I am a sinner saved by grace. Born into a world of sin, I have done my part in making the world an awful place. I enjoy doing mean things to people. I like to hurt people’s feelings. People say I have a low self-esteem, but it is not that. I think it is fun to see a little bit of human suffering. For me it is natural to want to lie before I tell the truth. I used to believe it was easier. For years, I would lie about anything big or small, serious or silly; I would lie about it. People now minimize the effects of sin, by calling it a prettier name, but it is what it is and I was wrong for doing it. I lived as if nothing I did was wrong, that sin was pleasure and good was torture. After sometime of living like this, I got heavily involved in pornography. I would visit sites daily and watch the computer screen until my eyes glazed over.

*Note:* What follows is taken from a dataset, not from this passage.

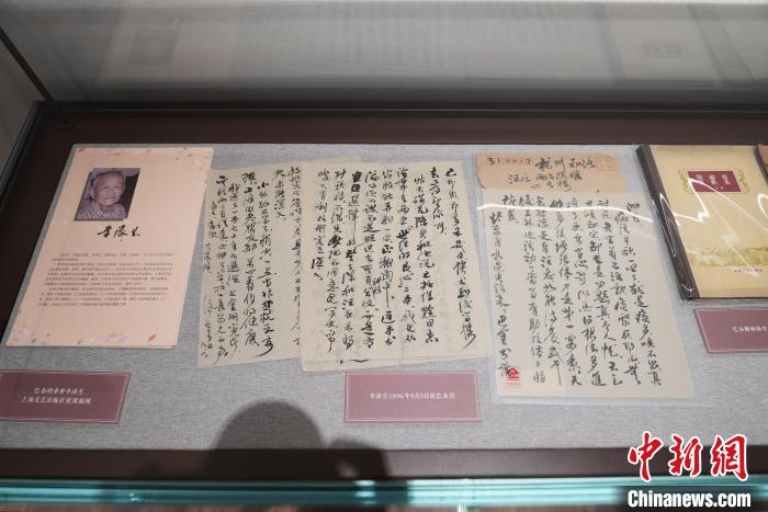 圖為巴金(原名:李堯棠)與弟弟李濟生的書信展示。中新社記者 張亨偉 攝

I felt something in my spirit telling me it was wrong, but after a while, I learned to mute that voice. I was hungry for something. For a while, porn kept me satisfied, but I wanted more. I had already decided previously to keep my virginity sacred; so sex was not an option. The void that was in me turned into sorrow. I would spend hours at a time crying and weeping wishing for deliverance from living. I began administering physical lacerations on myself. I was doing physically what I felt. It always stopped my crying and put me at ease. I alienated my family out of fear of rejection and took on the role as socially inept, avoiding all forms of communication with others-unless it was an insult. I had hardened myself. I wanted to feel nothing. Not love, not joy, not safety, not anything, but lonesomeness. My life went on like this from seventh grade to tenth grade. Until one day, my mother caught me, in all my sin. She called me out and prayed for me. I did not want her to, but she did, all the time. Two years later, I know I am in a better place. To declare that I never feel lonely would be a lie, but I know God has saved me from myself. I did not deserve salvation. I was a disgrace, but he restored me. He made me better. But go and learn what this means: “I desire mercy, not sacrifice. For I [Jesus] have not come to call the righteous, but sinners” (Matthew 9:13).
Many may not appreciate this essay, but I know in my heart that I cannot tell anyone who I am and what I have done without telling them about Christ. I have been fearful to, but that is all of who I am. Anything that does not line up with God, I do not want to be.
If you ask someone to describe me one might say, “Tosin Akande is funny, opinionated, passionate, and smart.” However, if you ask me to describe myself I will say, “I am minded. I am a sinner saved by grace. I am nothing. I am a part of the body of Christ. And most importantly I am a child of the King.” For you did not receive the spirit of bondage again to fear, but you received the Spirit of adoption by whom we cry out, “Abba, Father.” The Spirit Himself bears witness with our spirit that I am a child of God, and if a child, then an heir— a heir of God and joint heirs with Christ, if indeed I suffer with Him, that I may also be glorified together” (Romans 8:15-17).